Pictures stay out; everything else in the records below is copied exactly.

§ §

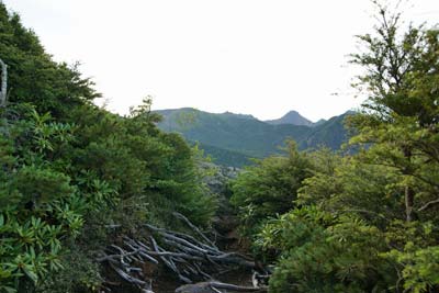 約二時間の樹林帯歩きにウンザリしたころ一気に展望が開ける |
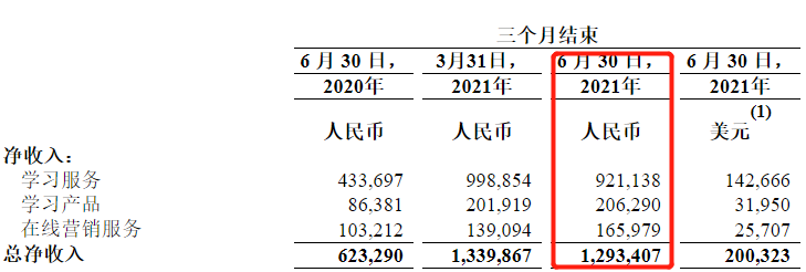不同於業內普遍all in“賣課”的打法,網易有道的主營業務結構中,佔比最大的是學習服務,其次是學習產品、在線營銷。根據日前發佈的Q2財報可以看到,截至6月30日,網易有道的淨收入達到12.93億元,同比增長107.5%。
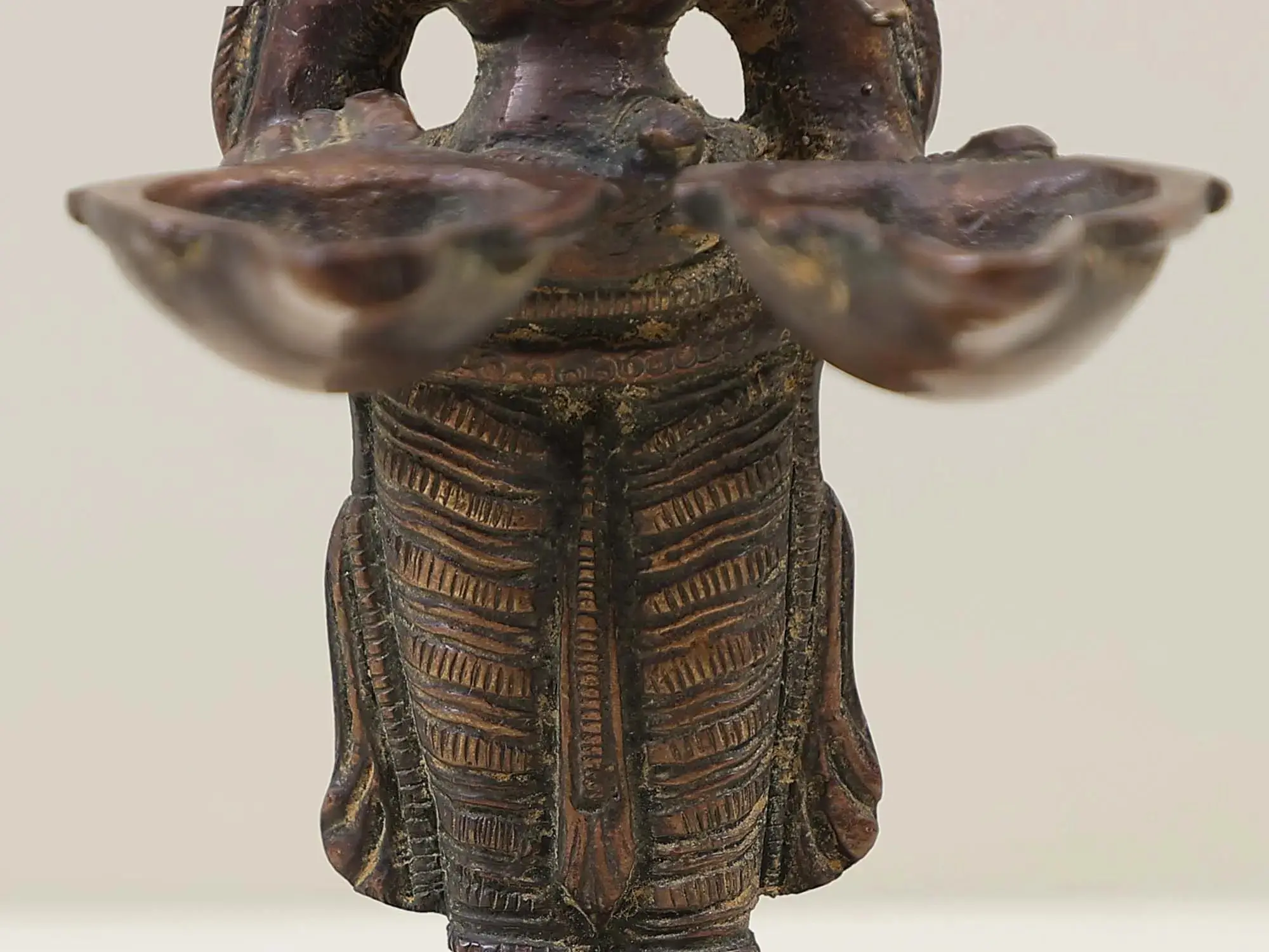 This brass lamp made in the style of a Deepalakshmi can be identified as a Ganesha lamp. It has the typical structure of a figure standing straight holding one or two lamps as if making an offering. Here in this lamp, the image of Lord Ganesha is benevolent and he is holding the lamp as if blessing the devotees with the light of wisdom.
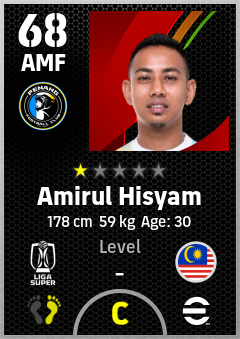 . Amirul Hisyam is a Attacking Midfielder footballer from Malaysia who plays for Penang Fc in eFootball 2026.
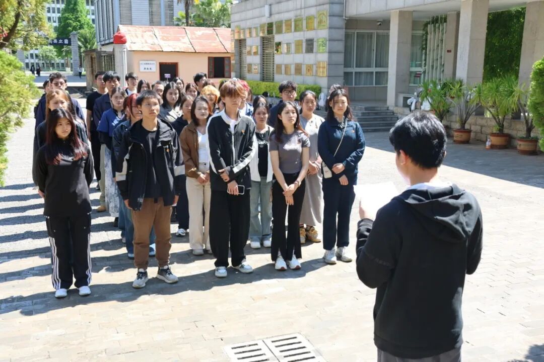 参观结束后,全体学员列队前往纪念广场,举行庄重的献花仪式。大家手持菊花,缓步走向纪念雕塑,以整齐的队形、肃穆的姿态,向革命先辈与联大先贤敬献鲜花。献花过程庄严肃穆,让学员们在仪式感中深化对历史的敬畏,厚植家国情怀。
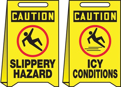 Accuform Slip-Gard CAUTION SLIPPERY HAZARD.. Reversible Fold-Ups, Red/Black/Yellow, 20"x12" (PFE419)

§ §

• [TASK RESPONSE]
 約二時間の樹林帯歩きにウンザリしたころ一気に展望が開ける |
不同於業內普遍all in“賣課”的打法,網易有道的主營業務結構中,佔比最大的是學習服務,其次是學習產品、在線營銷。根據日前發佈的Q2財報可以看到,截至6月30日,網易有道的淨收入達到12.93億元,同比增長107.5%。
 This brass lamp made in the style of a Deepalakshmi can be identified as a Ganesha lamp. It has the typical structure of a figure standing straight holding one or two lamps as if making an offering. Here in this lamp, the image of Lord Ganesha is benevolent and he is holding the lamp as if blessing the devotees with the light of wisdom.
 . Amirul Hisyam is a Attacking Midfielder footballer from Malaysia who plays for Penang Fc in eFootball 2026.
 参观结束后,全体学员列队前往纪念广场,举行庄重的献花仪式。大家手持菊花,缓步走向纪念雕塑,以整齐的队形、肃穆的姿态,向革命先辈与联大先贤敬献鲜花。献花过程庄严肃穆,让学员们在仪式感中深化对历史的敬畏,厚植家国情怀。
 Accuform Slip-Gard CAUTION SLIPPERY HAZARD.. Reversible Fold-Ups, Red/Black/Yellow, 20"x12" (PFE419)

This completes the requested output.